Yeah, so one of the things I really think about a lot is, I’ve been a journalist for 15 years now – a professional journalist for 15 years – and so I’ve been very lucky to work for staffed news organisations my entire life. Staffed news organisations can be befuddling and frustrating in 100 different ways, but there are a couple of huge benefits, one of which is I get my salary at the end of every month.

And then I’ve worked in some pretty sort of sketchy places, and each of like those places where I’ve worked, I’ve had access to security resources, I’ve had access to any number of different resources that mean that I can just concentrate on the work, and I don’t need to worry as much about some of the security implications of working in a place like Baghdad.

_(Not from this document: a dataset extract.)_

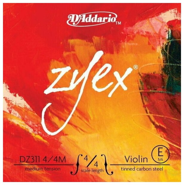 Лучшие цены. Одиночная струна для скрипки E (ми) D'Addario DZ311 4/4M Zyex D'Addario DZ311 4/4M Zyex, струна скрипичная 4/4 medium, E Одиночная струна D'Addario Zyex для скрипки с обмоткой из высокоуглеродистой стали, нота Ми (E). Струны серии Zyex с синтетическим сердечником отличаются чрезвычайно теплым и богатым звучанием. Струны Zyex изготавливаются из синтетического материала нового поколения, обеспечивающего невероятную стойкость к самым жестким климатическим условиям. Магазины в вашем городе.

And so, this pandemic is, we often say it’s almost cliche to say now, but it’s kind of revealed a lot of inequities in the system, and it’s revealed a lot of fragility in the system. And there’s so many freelancers who are struggling at the moment, or so many people who’ve been laid off.

So I’m running a marathon, I’m running the Brighton marathon in September for the Rory Peck trust, which supports and trains and advocates for freelance journalists around the world with emergency grants and supports for families. They’ve got a COVID hardship fund at the moment for people who need just small bits of money to make it through the month.

One of the things we do try to do at The Atlantic is, you’ll see it in all of our job adverts, we advocate a spirit of generosity. Again I risk coming across as ridiculously earnest with all this stuff, but this is actually something we do advocate internally is a spirit of generosity, of belief that we serve a greater purpose, and we have to sort of think beyond just winning subscribers and getting readers, we need to be doing something bigger for society. And so this is part of that.

So it’s my pinned tweet on Twitter, and if you go to https://www.justgiving.com/fundraising/prashantruns you’ll get to my page, so any donations would be hugely appreciated, but also, even if you could just share it, if any of your readers share it, that would be also just fantastic.